According to the documentation, the service can scale reliably, SDKs are available for all major platforms (web and mobile) and they are well-tested. Fast bootstrapping and getting service running is supported by quickstarts and code samples. Twilio supports E2E encrypted video (for 2 participants) which is important for some solutions like health tech, small rooms (up to 4 participants), and group rooms (up to 50 participants). In the meantime, we’ve started working on a new project which successfully integrated Twilio Video SDK in its application.

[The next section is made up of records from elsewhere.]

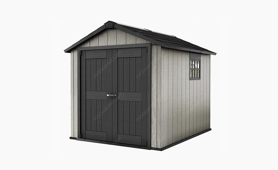 Практичный бокс OAKLAND 757 изготовлен из уникальной композиции смол, составляющих в результате высококачественный материал, устойчивый к воздействию неблагоприятных внешних факторов.  Бокс вместит в себя не только садовые инструменты и аксессуары, но также и газонокосилку и лестницу. Его основными преимуществами являются стабильная, усиленная металлом конструкция, солидная крыша и широкие, двустворчатые двери. Преимуществом также есть то, что бокс можно покрасить в любой цвет в соответствии с индивидуальным пожеланием
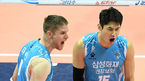 [OSEN=안산, 최규한 기자] 5일 오후 경기도 안산 상록수체육관에서 ‘도드람 2018-2019 V리그’ OK저축은행과 삼성화재의 경기가 열렸다.1세트, 삼성화재 타이스와 지태환이 득점에 환호하고 있다. /dreamer@osen.co.kr
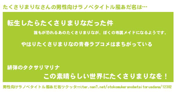 | 女子向けラノベタイトル風あだ名 | 『たくさりまりなの雑貨屋さん』 |
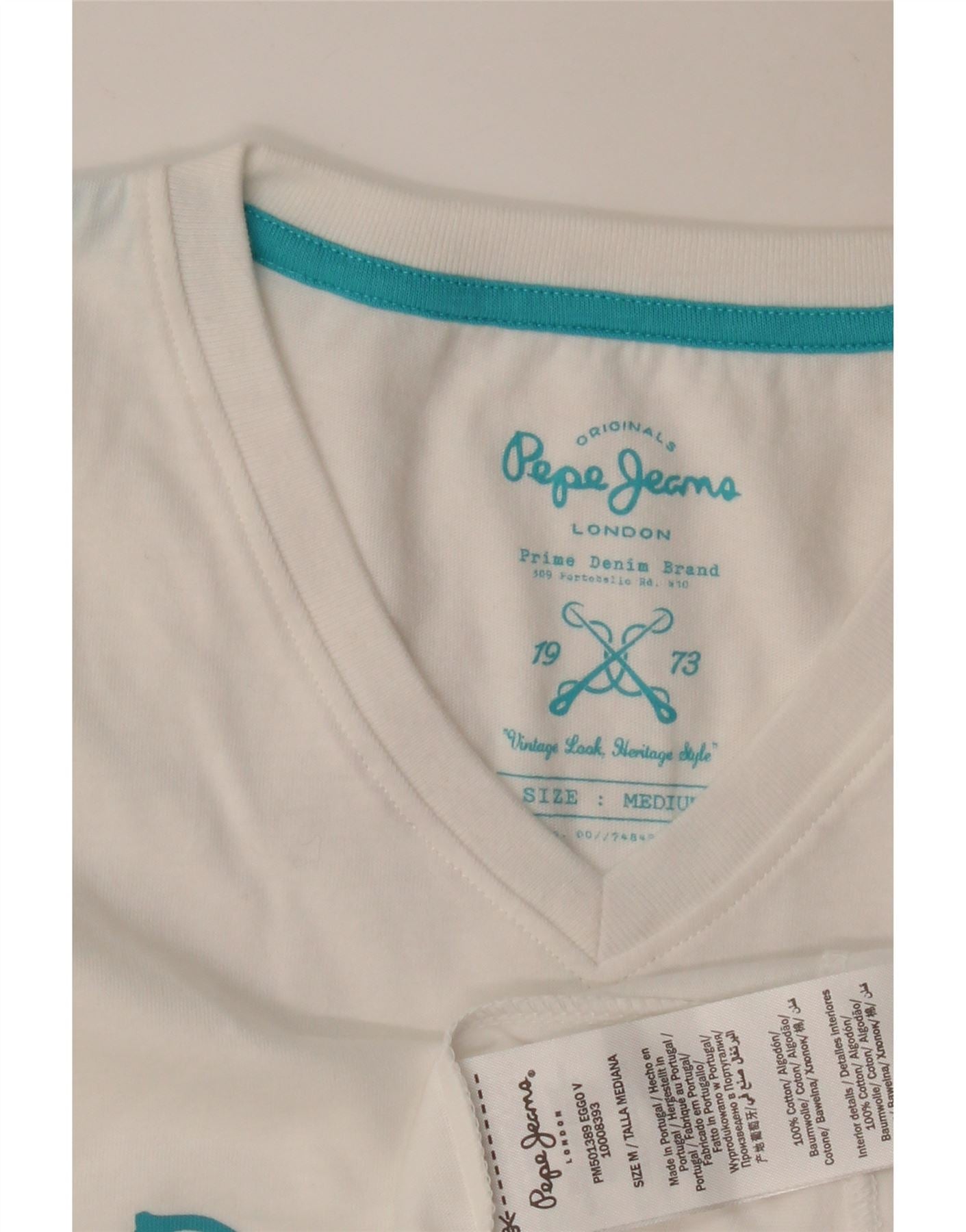 - Descrizione dell'IA: Questa maglietta grafica da donna di Pepe Jeans è realizzata in morbido jersey bianco di cotone al 100%. Presenta un classico scollo a V e comode maniche corte. La vestibilità regolare offre una silhouette rilassata ma lusinghiera. Un prominente logo grafico Pepe Jeans London adorna la parte anteriore, aggiungendo un tocco distintivo. Questo modello di maglione è leggero e offre un comfort eccellente da indossare tutti i giorni.
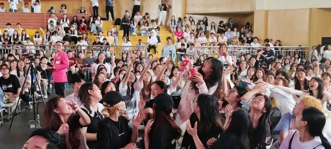 (方便粉絲方便米粉發(fā)明人鄒光友高校巡回演講現場(chǎng)共跳粉絲舞)
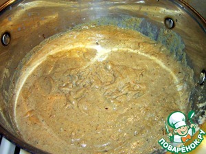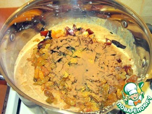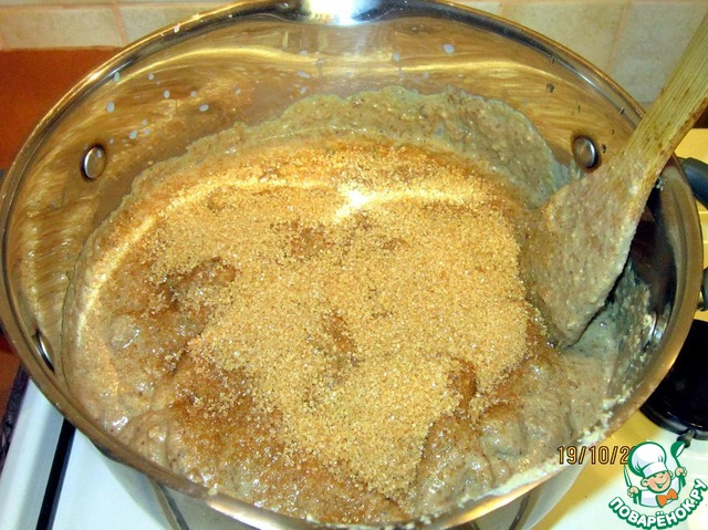 • Добавляем сахар и хорошо всё перемешиваем. Ставим на очень медленный огонь на 10 минут. Постоянно перемешиваем.
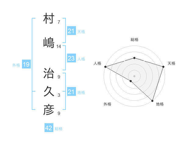 村嶋 治久彦さんを姓名の画数から五運を鑑定
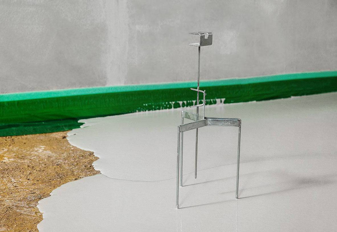 бетонную стяжку, затем наливается жидкий состав.
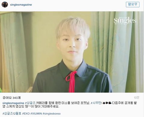 "안녕하세요 엑소의 시우민입니다! 앞으로도 싱글즈 많~~이 많이 사랑해주세요옷! 안뇽~~"
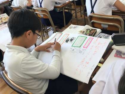 めあてについて一人調べをして 絵や図や言葉で表しながら考えを読み取っています。
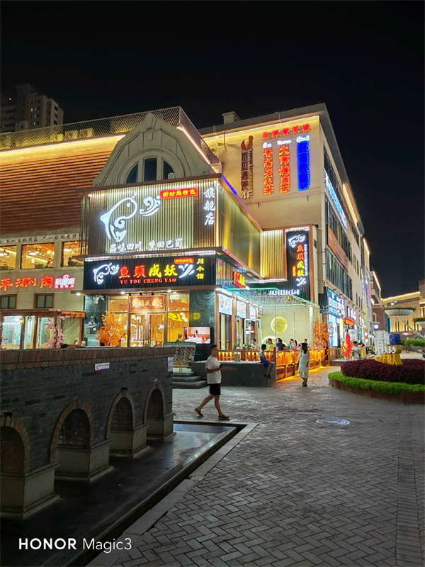 夜景拍摄方面,说实话荣耀Magic3的夜景调教尚还在持续优化中,相对于华为P50 Pro还是稍逊一筹。不过在同价位的机型中,夜景表现还是可圈可点的,色彩还原度高,高光压制到位,暗处细节清晰可见,整体成像也很讨喜,往往不用P图就可直接发往朋友圈。
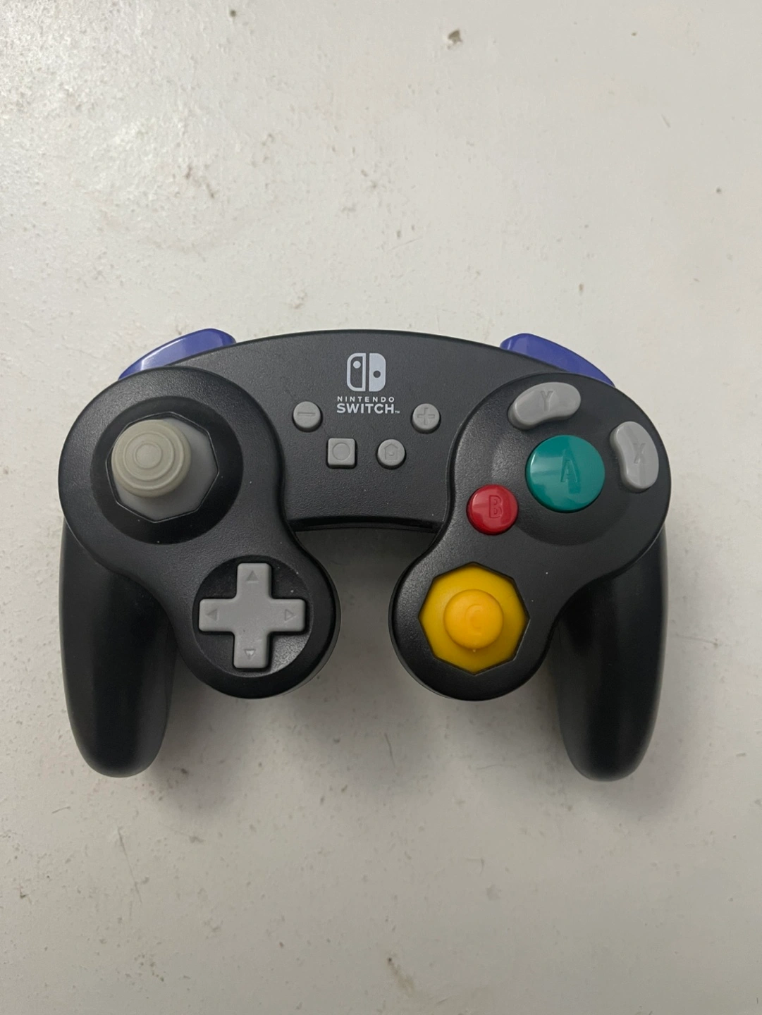 Black GameCube controller. Compatible with Nintendo Switch. Features standard GameCube button layout. No wire.
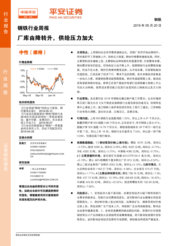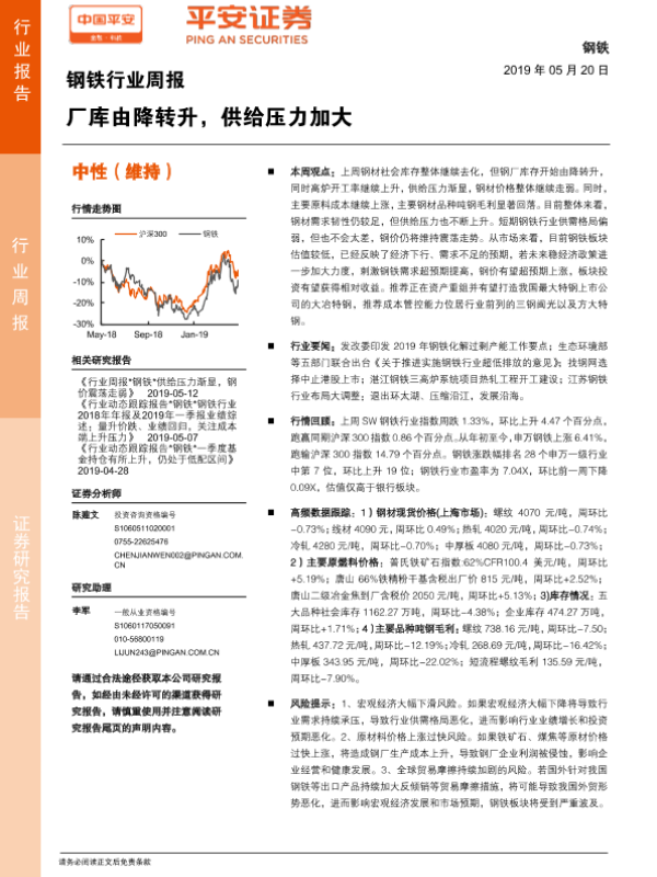 【平安证券】【20190520】钢铁行业周报:厂库由降转升,供给压力加大-5页

Pros: Good and detailed documentation, the architecture is described in details, easy integration, light-weight SDK, complete apps as integration samples
Cons: Price, flexibility, reliability
As a company, Intertec relies on AWS services, therefore the expectations for Amazon Chime SDK are high. The Amazon Chime SDK is a set of real-time communications components that developers can use to quickly add audio calling, video calling, and screen sharing capabilities to their web or mobile applications. Developers can leverage the same communication infrastructure and services that power Amazon Chime, an online meetings service from AWS, and deliver engaging experiences in their applications.
Pros: Amazon service (scalability and performance), our application servers are usually on AWS, price
Cons: poor integration, documentation and sample code, a big effort for integration on client apps, limited to 16 video streams because there is no central media server.
*no central media server communication – according to documentation which is not explicit, but from the fact that only 16 video streams are allowed, bandwidth requirements and how recording can be implemented, media stream communication is directly between peers and there is no central media server for streaming.
** New Zoom Video SDK was not tested in practice. All data in the table is gathered from the documentation page.
The analysis is done. The proposed solution is Twilio and here are the reasons why:
If we were not limited to time and effort, and video conferencing is the core feature, we would probably consider Jitsi more seriously and give it a try, just because we enjoy working on open source projects and we get to control all aspects of the solution.